Find every line in the records below that holds the word "with", and copy each one.

Dataset content:
^^^^^^^^^^^^^^^^

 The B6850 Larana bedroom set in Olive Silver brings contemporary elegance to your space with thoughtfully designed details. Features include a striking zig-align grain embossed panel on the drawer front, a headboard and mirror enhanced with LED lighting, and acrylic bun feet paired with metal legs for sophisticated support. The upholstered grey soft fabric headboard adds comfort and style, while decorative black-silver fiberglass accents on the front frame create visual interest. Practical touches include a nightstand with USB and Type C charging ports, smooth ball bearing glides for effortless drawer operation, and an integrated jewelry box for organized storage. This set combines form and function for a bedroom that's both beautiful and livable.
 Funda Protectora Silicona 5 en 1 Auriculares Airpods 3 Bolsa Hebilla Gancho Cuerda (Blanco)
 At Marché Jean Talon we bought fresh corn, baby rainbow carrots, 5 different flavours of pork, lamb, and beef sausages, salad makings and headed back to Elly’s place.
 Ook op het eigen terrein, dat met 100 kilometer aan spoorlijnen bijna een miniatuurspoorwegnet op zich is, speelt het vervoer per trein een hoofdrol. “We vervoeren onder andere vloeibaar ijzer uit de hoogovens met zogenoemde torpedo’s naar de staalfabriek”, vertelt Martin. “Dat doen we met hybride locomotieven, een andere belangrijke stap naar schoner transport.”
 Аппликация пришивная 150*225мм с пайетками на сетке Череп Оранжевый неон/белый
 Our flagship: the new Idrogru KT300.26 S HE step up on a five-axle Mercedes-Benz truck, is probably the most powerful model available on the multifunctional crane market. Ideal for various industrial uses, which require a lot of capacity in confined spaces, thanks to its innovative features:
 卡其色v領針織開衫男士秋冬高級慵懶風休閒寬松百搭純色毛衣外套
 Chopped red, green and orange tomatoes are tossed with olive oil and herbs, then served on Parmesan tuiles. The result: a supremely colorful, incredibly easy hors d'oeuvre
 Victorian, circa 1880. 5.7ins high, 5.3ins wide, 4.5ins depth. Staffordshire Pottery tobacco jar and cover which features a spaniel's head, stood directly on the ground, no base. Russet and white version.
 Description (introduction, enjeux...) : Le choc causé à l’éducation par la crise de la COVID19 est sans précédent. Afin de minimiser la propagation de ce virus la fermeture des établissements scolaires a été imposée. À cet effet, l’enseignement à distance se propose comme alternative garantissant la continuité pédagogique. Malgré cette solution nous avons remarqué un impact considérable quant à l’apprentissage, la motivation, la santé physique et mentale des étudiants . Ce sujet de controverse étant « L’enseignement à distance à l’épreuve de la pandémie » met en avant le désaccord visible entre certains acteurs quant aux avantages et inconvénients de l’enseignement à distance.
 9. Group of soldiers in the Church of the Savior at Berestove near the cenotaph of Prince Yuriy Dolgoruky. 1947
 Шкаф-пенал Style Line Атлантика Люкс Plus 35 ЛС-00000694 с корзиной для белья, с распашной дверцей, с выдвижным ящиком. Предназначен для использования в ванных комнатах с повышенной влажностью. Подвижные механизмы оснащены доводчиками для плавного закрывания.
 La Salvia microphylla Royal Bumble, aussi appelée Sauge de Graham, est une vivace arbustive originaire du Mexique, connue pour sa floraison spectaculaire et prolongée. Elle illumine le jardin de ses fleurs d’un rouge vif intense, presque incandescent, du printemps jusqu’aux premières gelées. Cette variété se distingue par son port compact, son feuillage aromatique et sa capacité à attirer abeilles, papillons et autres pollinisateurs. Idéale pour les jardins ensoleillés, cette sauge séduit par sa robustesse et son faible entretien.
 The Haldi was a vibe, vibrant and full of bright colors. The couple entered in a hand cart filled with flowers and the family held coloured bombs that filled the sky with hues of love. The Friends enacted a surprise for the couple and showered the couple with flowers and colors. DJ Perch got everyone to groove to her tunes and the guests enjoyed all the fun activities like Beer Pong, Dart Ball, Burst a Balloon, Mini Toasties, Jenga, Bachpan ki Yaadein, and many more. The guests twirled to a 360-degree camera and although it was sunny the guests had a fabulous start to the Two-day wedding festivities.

^^^^^^^^^^^^^^^^

Task output:
 The B6850 Larana bedroom set in Olive Silver brings contemporary elegance to your space with thoughtfully designed details. Features include a striking zig-align grain embossed panel on the drawer front, a headboard and mirror enhanced with LED lighting, and acrylic bun feet paired with metal legs for sophisticated support. The upholstered grey soft fabric headboard adds comfort and style, while decorative black-silver fiberglass accents on the front frame create visual interest. Practical touches include a nightstand with USB and Type C charging ports, smooth ball bearing glides for effortless drawer operation, and an integrated jewelry box for organized storage. This set combines form and function for a bedroom that's both beautiful and livable.
 Chopped red, green and orange tomatoes are tossed with olive oil and herbs, then served on Parmesan tuiles. The result: a supremely colorful, incredibly easy hors d'oeuvre
 The Haldi was a vibe, vibrant and full of bright colors. The couple entered in a hand cart filled with flowers and the family held coloured bombs that filled the sky with hues of love. The Friends enacted a surprise for the couple and showered the couple with flowers and colors. DJ Perch got everyone to groove to her tunes and the guests enjoyed all the fun activities like Beer Pong, Dart Ball, Burst a Balloon, Mini Toasties, Jenga, Bachpan ki Yaadein, and many more. The guests twirled to a 360-degree camera and although it was sunny the guests had a fabulous start to the Two-day wedding festivities.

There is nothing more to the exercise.